After years of gross mismanagement by the city’s leaders and the big three car manufacturers of General Motors, Ford and Chrysler, who continued to make vehicles that Americans no longer wanted to buy, Detroit today has an unemployment rate of 28 per cent, higher even than the worst years of the Great Depression.
The murder rate is soaring. The school system is in receivership. The city treasury is $300 million (£182m) short of the funds needed to provide the most basic services such as rubbish collection. In its postwar heyday, when Detroit helped the US to dominate the world’s car market, it had 1.85 million people. Today, just over 900,000 remain. It was once America’s fourth-largest city. Today, it ranks eleventh, and will continue to fall.
Thousands of houses are abandoned, roofs ripped off, windows smashed.
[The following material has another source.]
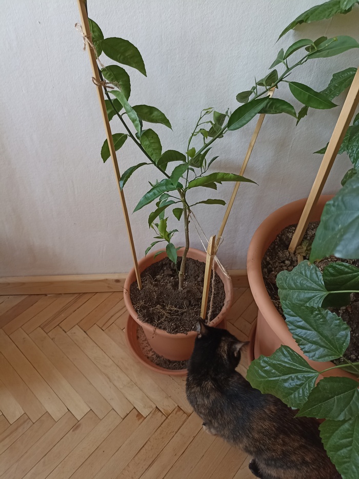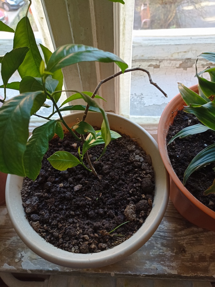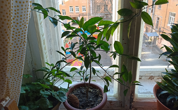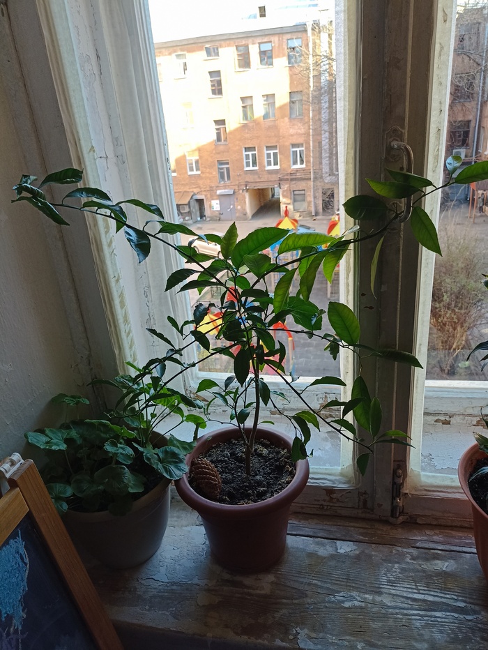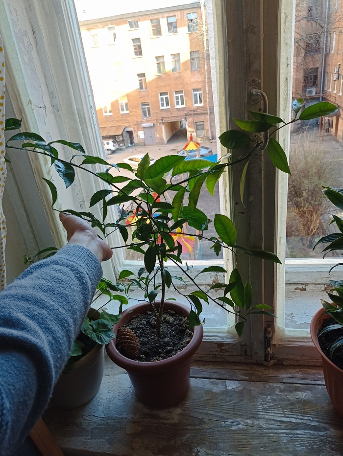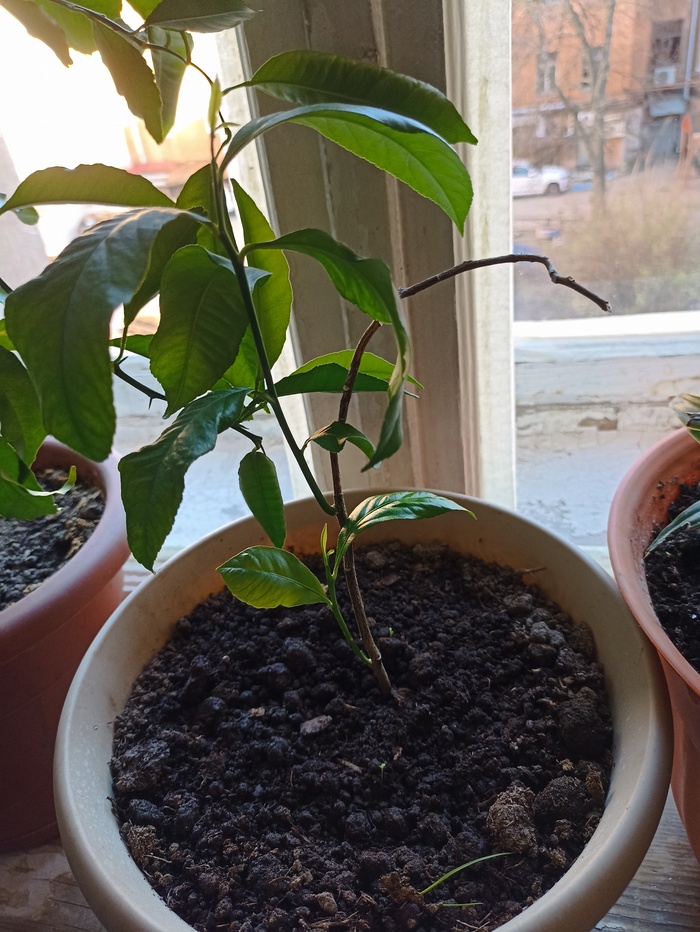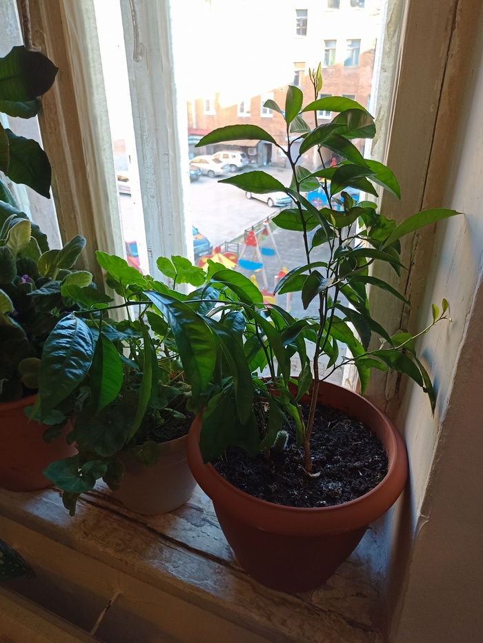 Начну с предыстории. Когда старшей дочке было годика три (то есть около 7 лет назад), мы с супругой "по-приколу" посадили косточки цитрусовых (Мандарин? Апельсин? Лимон? А я и не вспомню уже). Ну то есть: "Папа, а это что такое твердое?" - "А это косточка. Если еë посадить - вырастет дерево с мандаринами (Или апельсинами. Или лимонами)" - "Ух ты, правда? Давай посадим, папа?" - "А давай, почему бы и нет". Супруга растения любит, горшок и земля нашлись быстро. Посадили всë в один горшок, стали ждать. Проклюнулись, выросли. Кто рос быстрее - отсадили раньше, кто помедленнее - тех попозже. Двое до сих пор в одном горшке ютятся.

Block after block of shopping districts lie boarded up. Former manufacturing plants, such as the giant Fisher body plant that made Buicks and Cadillacs, but which was abandoned in 1991, are rotting.
Even Detroit’s NFL football team, the Lions, are one of the worst in the country. Last season they lost all 16 games. This year they have lost eight, and won just a single game.
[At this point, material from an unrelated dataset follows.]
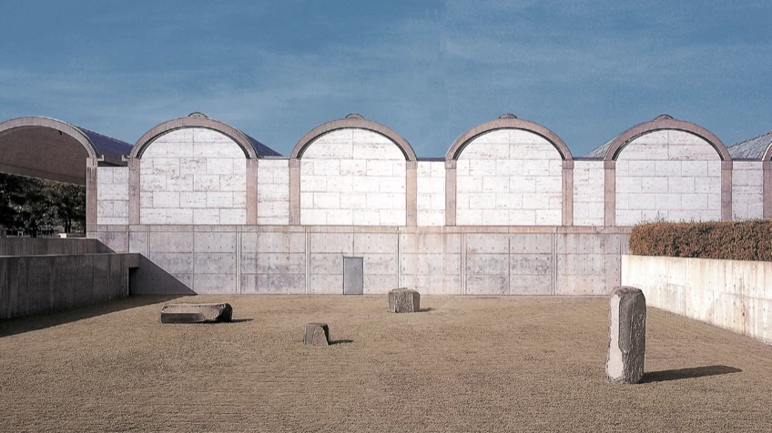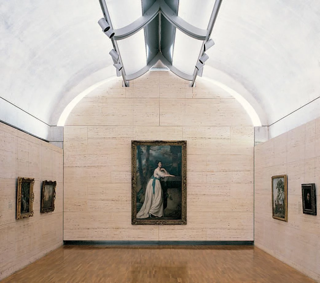 Kahn purified his language further in the later sixties, designing three works of dramatic perfection: the Library of Exeter, a brick cube whose absent corners evoke the Roman ruins he so loved, and where the luminous courtyard’s gigantic oculi of concrete recall the enlightened dreams of Ledoux; the Kimbell Art Museum at Fort Worth, a succes-sion of false vaults of concrete, split by longitudi-nal skylights, which create a timeless and elegant, exquisitely serene atmosphere; and the Yale Center for British Art, situated in front of the Art Gallery that had first earned him recognition twenty years before, an urban prism of concrete, glass and steel that arranges the rooms of the museum around two courtyards characterized by painstaking exactitude and geometric solemnity – which Kahn would never see completed.

Michigan’s Central Station, designed by the same people who gave New York its Grand Central Station, was abandoned 20 years ago. One photographer who produced a series of images forTime magazine said that he often felt, as he moved around parts of Detroit, as though he was in a post-apocalyptic disaster.
Then in June, the $21,000 annual county budget to bury Detroit’s unclaimed bodies ran out. Until then, if a family confirmed that they could not afford to lay a loved one to rest, Wayne County — in which Detroit sits — would, for $700, bury the body in a rough pine casket at a nearby cemetery, under a marker.
Darrell Vickers had to identify his aunt at the mortuary in September but he could not afford to bury her as he was unemployed. When his grandmother recently died, Mr Vickers’s father paid for her cremation, but with a credit card at 21 per cent interest. He said at the time it was “devastating” to not be able to bury his aunt.
What has alarmed medical examiners at the mortuary is that most of the dead died of natural causes. It is evidence, they believe, of people who could not afford medical insurance and medicines and whose families can now not afford to bury them.
Yet in recent weeks there have been signs of hope for Mr Samuels that he can reduce the backlog of bodies. Local philanthropists have donated $8,000 to help to bury the dead. In the past month, Mr Samuels has been able to bury 11 people. The number of unburied is now down to 55.